• Exercise objective
For the records below, print the lines from the line with "Trwałe drzwi przesuwne" through the line with "The view from" exactly as written; include both end lines and exclude the rest.
*** Opening of Listed records ***
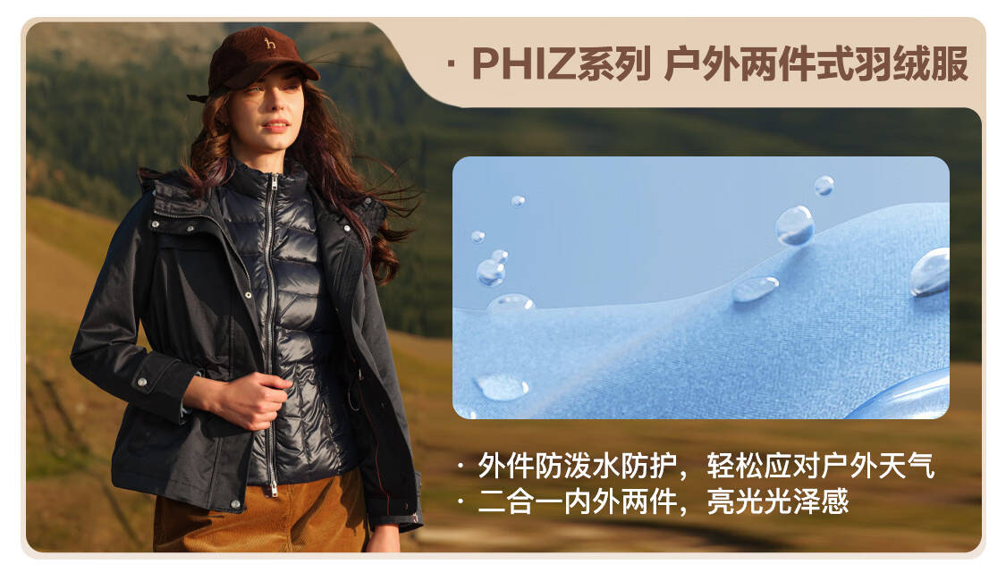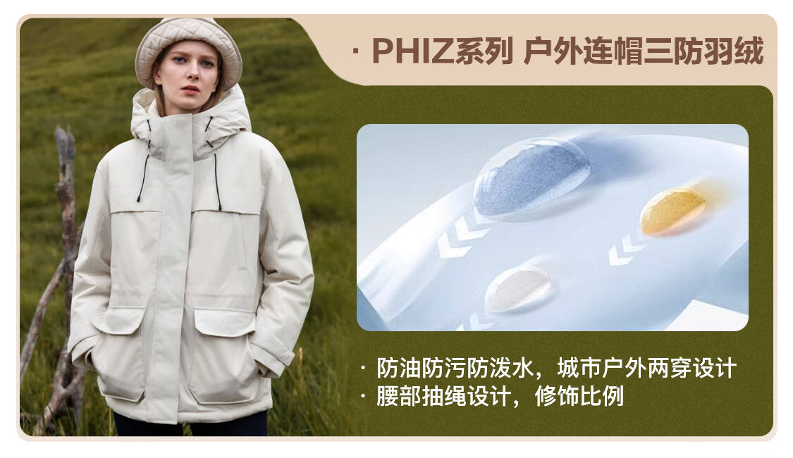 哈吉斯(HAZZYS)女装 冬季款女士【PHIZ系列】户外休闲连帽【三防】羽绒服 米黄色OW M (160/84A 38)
*** Close of Listed records ***
*** Opening of Listed records ***
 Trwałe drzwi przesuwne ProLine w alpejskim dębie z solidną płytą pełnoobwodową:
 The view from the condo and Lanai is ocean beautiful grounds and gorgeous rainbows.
*** Close of Listed records ***
• Output of the task
 Trwałe drzwi przesuwne ProLine w alpejskim dębie z solidną płytą pełnoobwodową:
 The view from the condo and Lanai is ocean beautiful grounds and gorgeous rainbows.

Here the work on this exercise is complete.